Final answer:
To precipitate all the lead from a 0.112 M Pb(NO3)2 solution, 173.6 mL of 0.200 M KI solution is required, based on stoichiometry of the reaction.
Step-by-step explanation:
To determine the minimum volume of potassium iodide solution needed to precipitate all the lead in a given solution, we utilize the stoichiometry of the precipitation reaction:
2KI(aq) + Pb(NO3)2(aq) → 2KNO3(aq) + PbI2(s)

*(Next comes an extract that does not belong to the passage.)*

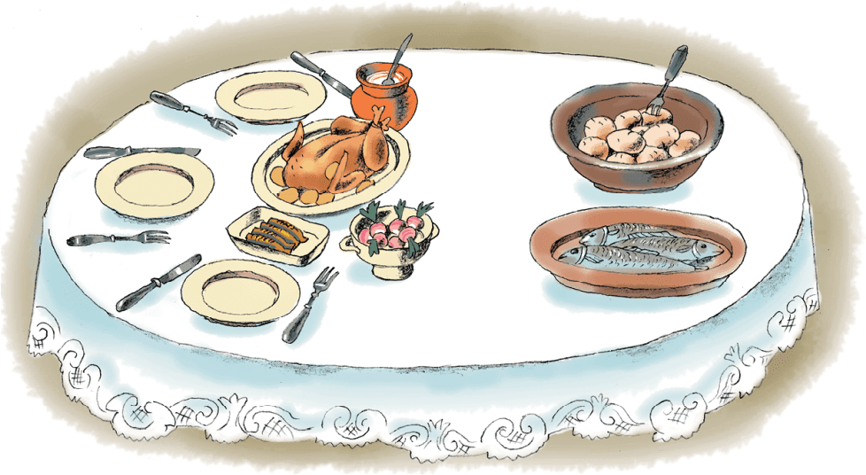 В детской Риты и Зои накрыт стол. Одна половина стола заставлена разнообразной едой. Тут первая бледно-розовая парниковая редиска, горшок со сметаной, сардины, отливающие жемчужно-опаловым блеском, пирожки, жареная курица, прижавшая под мышкой, как портфель, собственный пупок. На другой половине стола – несколько селедок в селедочнице и большая миска с вареной картошкой.

According to the stoichiometry of the reaction, 2 moles of potassium iodide react with 1 mole of lead(II) nitrate to produce 1 mole of lead(II) iodide precipitate. Given that we have 155.0 mL of a 0.112 M lead(II) nitrate solution, we first need to calculate the moles of lead(II) nitrate:
Moles of Pb(NO3)2 = Molarity × Volume (in liters)
Moles of Pb(NO3)2 = 0.112 mol/L × 0.1550 L = 0.01736 moles
Since it takes 2 moles of KI to react with 1 mole of Pb(NO3)2, we need:
Moles of KI needed = 2 × 0.01736 moles = 0.03472 moles of KI
Now we can find the volume of 0.200 M potassium iodide solution required to provide 0.03472 moles:
Volume = Moles / Molarity
Volume of KI = 0.03472 moles / 0.200 mol/L = 0.1736 liters, which is 173.6 mL of KI solution.